ERC-1363 enables a smart contract to detect and respond to an incoming transfer of tokens.

What problem does ERC-1363 Solve?

Suppose a user transfers an ERC-20 token to a contract. The smart contract cannot credit the user for the transfer because it has no mechanism to see who made the transfer.

Although events track this information, they are only usable by off-chain consumers. Smart contracts cannot read events without an oracle.

Traditional solution: instead of notifying the receiver, the receiver transfers the tokens to itself using transferFrom

A typical workaround for the problem described above is for the sender of the tokens to approve the receiving smart contract to transfer tokens on behalf of the sender.

contract ReceivingContract {
    function deposit(uint256 amount) external {
        // will revert if this contract is not approved
        // or the user has an insufficient balance
        ERC20(token).transferFrom(msg.sender, address.this, amount);

        deposits[msg.sender] += amount;
    }
}

Then the depositor invokes a function (deposit in the example code above) on the receiving smart contract to transfer tokens from the sender and to the contract. Since the contract knows it transferred tokens from the user, it is able to credit their account correctly.

However, adding an extra transaction to approve the contract to transfer the tokens increases the gas cost.

Additionally, the user ought to set the approval for the contract to zero after approving the contract, otherwise there is a danger that if the contract is exploited, it might withdraw more ERC-20 tokens from the user.

Transfer hooks

A transfer hook is a predefined function in the receiving smart contract that will be called when it receives tokens.
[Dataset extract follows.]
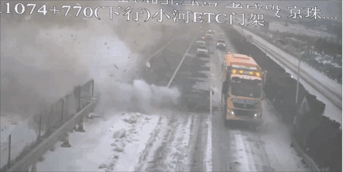 一辆12米长的黄色工程车辆在高速公路上作业,车辆两侧喷管源源不断喷出高速热流,所过之处,路面积雪全部被“一吹而空”,除雪效率极高。

That is, the token contract, after receiving a transfer instruction, calls the predefined function on the recipient address.

If the function is not present, reverts, or does not return the expected success value, the transfer reverts.

Readers already familiar with onERC721Received in the ERC-721 standard will be familiar with the transfer hook.

ERC-1363 extends the ERC-20 standard, adding transfer hooks.

To implement the standard, the ERC-20 needs additional functions (explained later) to transfer tokens to trigger the transfer hook on the receiver, and the receiver must implement the transfer hook according to the standard.

IERC1363Receiver

For a contract that wishes to be notified that they have received ERC-1363 tokens, they must implement IERC1363Receiver (see the OpenZeppelin implementation here) which has a single function onTransferReceived:

pragma solidity ^0.8.20;

interface IERC1363Receiver {
    // returns `bytes4(keccak256("onTransferReceived(address,address,uint256,bytes)"))` on success
    function onTransferReceived(
        address operator,
        address from,
        uint256 value,
        bytes calldata data
    ) external returns (bytes4);
}

• operator is the address initiating the transfer
• from is the ERC-1363 account the tokens are being deducted from
• value is the amount of tokens being transferred
• data is specified by the operator to forward to the receiver

When implementing this function, always check that msg.sender is the ERC-1363 token you wish to receive, because anyone can call onTransferReceived() with arbitrary values.

Here is a minimum example contract that accepts ERC-1363 tokens:

pragma solidity ^0.8.20;

import "@openzeppelin/contracts/interfaces/IERC1363Receiver.sol";
import "@openzeppelin/contracts/interfaces/IERC1363.sol";

contract TokenReceiver is IERC1363Receiver {
    address internal erc1363Token;

    constructor(address erc1363Token_) {
        erc1363Token = erc1363Token_;
    }

    mapping(address user => uint256 balance) public balances;

    function onTransferReceived(
        address operator,
        address from,
        uint256 value,
        bytes calldata data
    ) external returns (bytes4) {
        
        require(msg.sender == erc1363Token, "not the expected token");
        balances[from] += value;
        return this.onTransferReceived.selector;
    }

    function withdraw(uint256 value) external {
        require(balances[msg.sender] >= value, "balance too low");
        balances[msg.sender] -= value;
    
        IERC1363(erc1363Token).transfer(msg.sender, value);
    }

}

The traditional way of a contract knowing it received ERC-20 tokens is using transferFrom function which requires an approval first, but with ERC-1363, the contract is able to know it has received a token and also eliminate approval step because the transferAndCall transfers the token to the contract (w/o approval) and calls the onTransferReceived function.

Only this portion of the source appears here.